Газетчик посмотрел с обидой и недоумением.
- Сударь, здесь редакция, если вы понимаете. А за справками - в справочное пожалуйте, у нас, слава богу, их в достатке. Честь имею.
Тетка Ющинского оглянулась: болезненное лицо, глаза, наполненные слезами. "Да у нее чахотка, пожалуй",- не без жалости подумал Евдокимов.
- Это как раз у них, - кивнула в сторону родственников и улыбнулась через силу. - Там теперь трамвай ходит, вы без труда доедете. Вам, собственно, кто нужен? Вы не стесняйтесь, я там всех знаю.
"Тебя, милая, тебя и всех вас мне и надо!" - вдруг захотелось сказать, но не сказал, а только улыбнулся и наклонил голову.
- Благодарю вас, сударыня, извините, не смею беспокоить, - и приподняв шляпу, ушел.
Интуиция и то, чему не было названия, высветили некую странную последовательность: вызов в департамент, поручение в Киев - весьма загадочное, подтверждение у Парамона (должно что-то произойти), и вот исчезновение Андрея Ющинского. "Я ведь его в часовне видел...- подумал с недоумением. - Жаль, надо было карточку у них спросить. Фотографическую. Интересно, отчего этот жидок рыжий не спросил? Ну да ладно. Они теперь к Мищуку - там наверняка потребуют облик пропавшего, там и взгляну". Но сомнений уже не было: на фотографии этой окажется именно мальчик-призрак, и никто другой! Однако странный в мальчишеских устах текст смущал. Такое мог сказать умудренный опытом, но не мальчишка. Разве что хорошо учился Закону Божьему, - здесь на губах Евгения Анатольевича появилась даже улыбочка.

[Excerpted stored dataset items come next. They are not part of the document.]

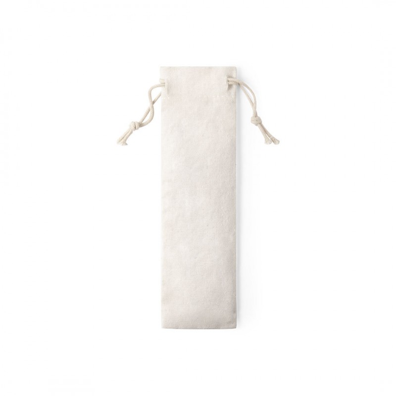 Set of cutlery in nature line. Made of bamboo, including fork, spoon and knife. Presented in a cotton pouch with self-closing strings.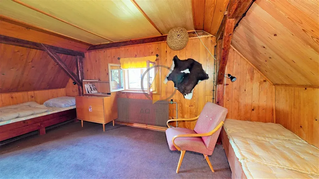 Prodej chalupy se zahradou o CP 2000 m2 v klidné části obce Karlov - Stará Paka. Dispozice: prostorná světnice s kachlovými kamny, vstupní chodba s pecí, ložnice, pokoj se vstupem do podkrovní místnosti, prostor - příprava pro koupelnu, chemické wc. Na dům navazuje chlév a seník. Nabízíme možnost jednat i o prodeji vedlejší prostorné stodoly. Chalupa je částečně podsklepena. IS: EL.230/400V, nutnost vybudování vodovodní přípojky a ČOV, plyn v obci není, lokální topení na tuhá paliva. Nádherné místo uprostřed přírody, ideální k rekreaci i k trvalému bydlení. Doporučujeme prohlídku. PENB G.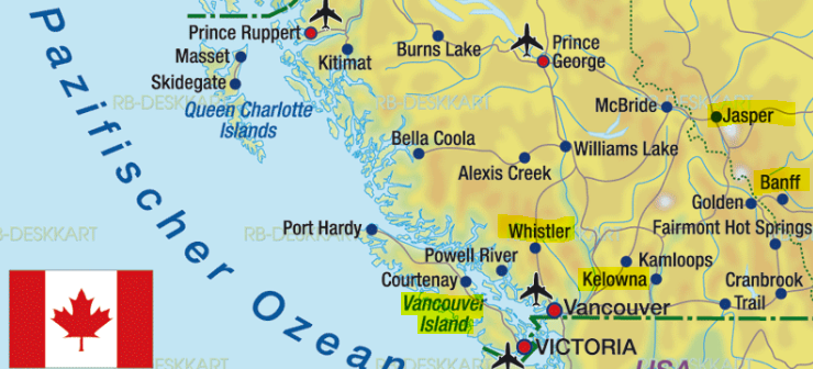 In Kanada geht es erst mal für ein paar Tage nach Vancouver Island und danach ins Okanagan Valley und in den Banff und Jasper Nationalpark in den Rocky Mountains. Danach über Whistler wieder zurück nach Vancouver bevor es nach Alaska weitergeht.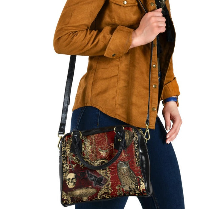 Gorgeously gothic Steampunk handbag in deep reds and gold tones - Some of the features of this custom design are: Vintage writing, owls, skulls, ravens, airships, penny farthing bicycles.  A truly unique steampunk accessory.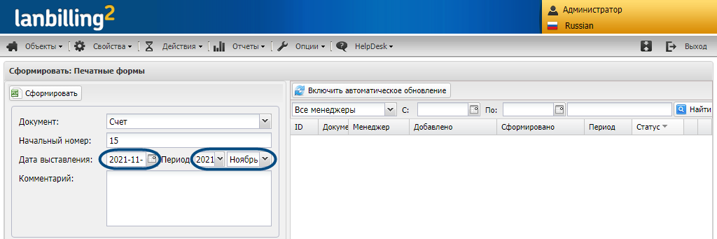 Пример. Если указать «15», то АСР LANBilling сгенерирует документы с номерами «15», «16» и т. д.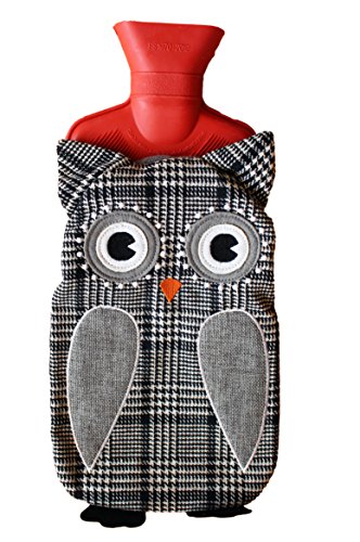 Sippi's homeware Borsa dell'acqua calda foderata (0,8 litro), cuscino del benessere con fodera a tema gufo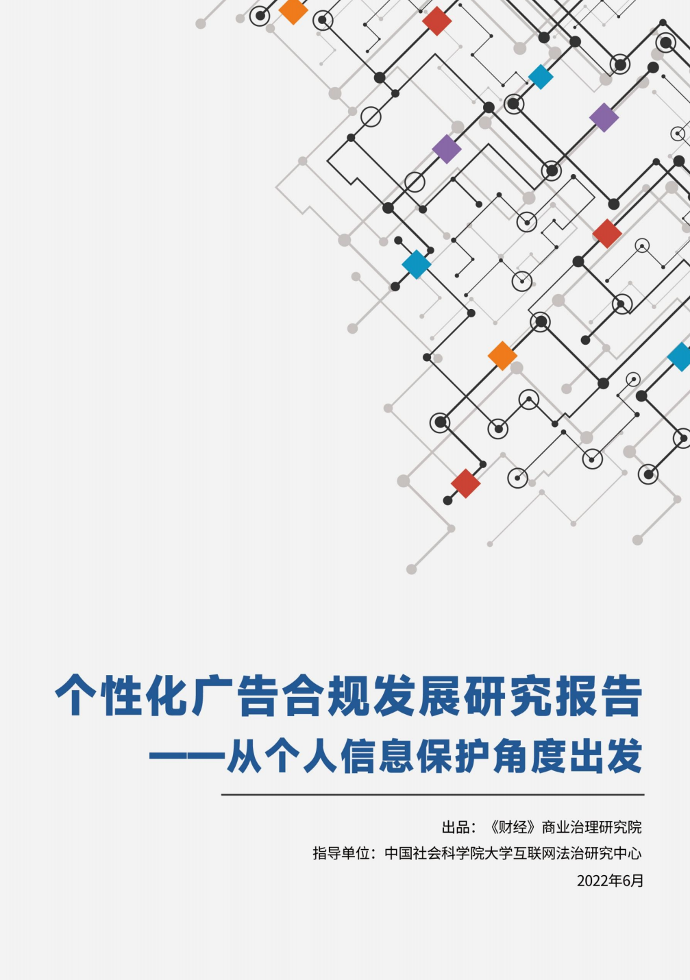 2022年6月20日,《财经》商业治理研究院与中国社科院大学互联网法治研究中心联合发布了《个性化广告合规发展研究报告--从个人信息保护角度出发》(以下称《报告》)。《报告》介绍了当前互联网广告行业的发展现状及趋势,个性化广告发展历史及原理,面临的困境与解决思路,以及当前隐私计算技术的发展方向。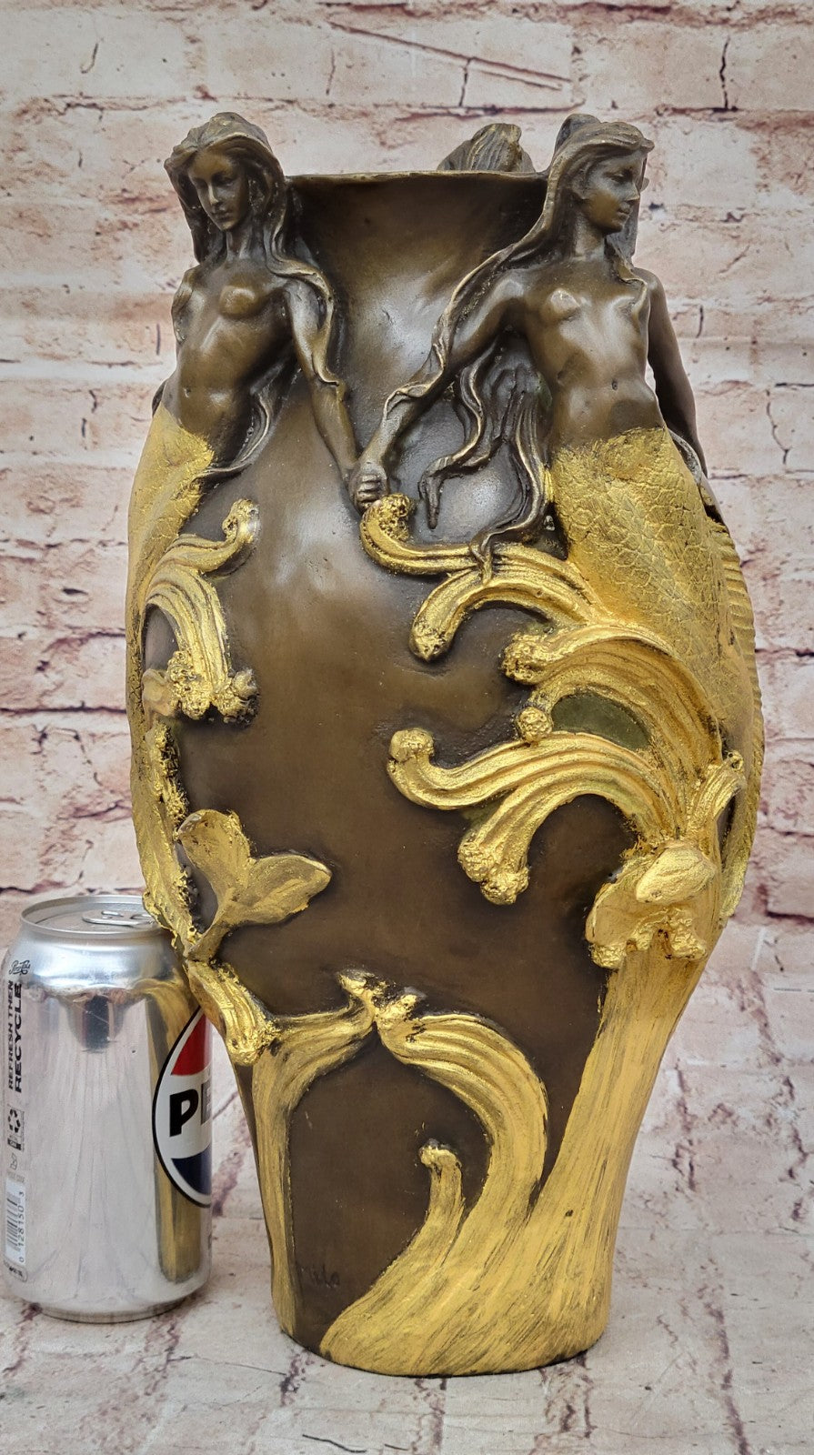 Discover the mesmerizing beauty of this art nouveau bronze vase, featuring a mesmerizing trio of Mermaids gracefully entwined amidst a lush display of flowers and vines. Its versatility knows no bounds, as it effortlessly transforms into a stunning floral centerpiece or a striking standalone decor piece. With its art nouveau flair, this vase emanates an aura of sophistication, making it an ideal focal point in any setting. Skillfully fashioned using the esteemed "Lost Wax Method" and handcrafted to perfection, its impeccable craftsmanship is a testament to the artist's dedication and talent. The alluring combination of brown and gold patina adds a touch of elegance, while the artist's signature, Milo, lends it an air of authenticity and prestige.

- Только с какого боку может интересовать департамент никому не известный мальчик? - спросил вслух. - Это же нелепость! Ну, пропал! Ну, под трамвай попал или утонул. - Тут же сообразил, что вряд ли такие обстоятельства стали бы мгновенно известны. - Нет, тут явно что-то другое... - Медленно шел по Фундуклеевской вверх и вдруг заметил слева в глубине квартала византийские купола большого собора. - Да ведь это Владимирский! - догадался радостно. - Вперед, и как можно быстрее! - Через две минуты уже входил в широко распахнутые двери...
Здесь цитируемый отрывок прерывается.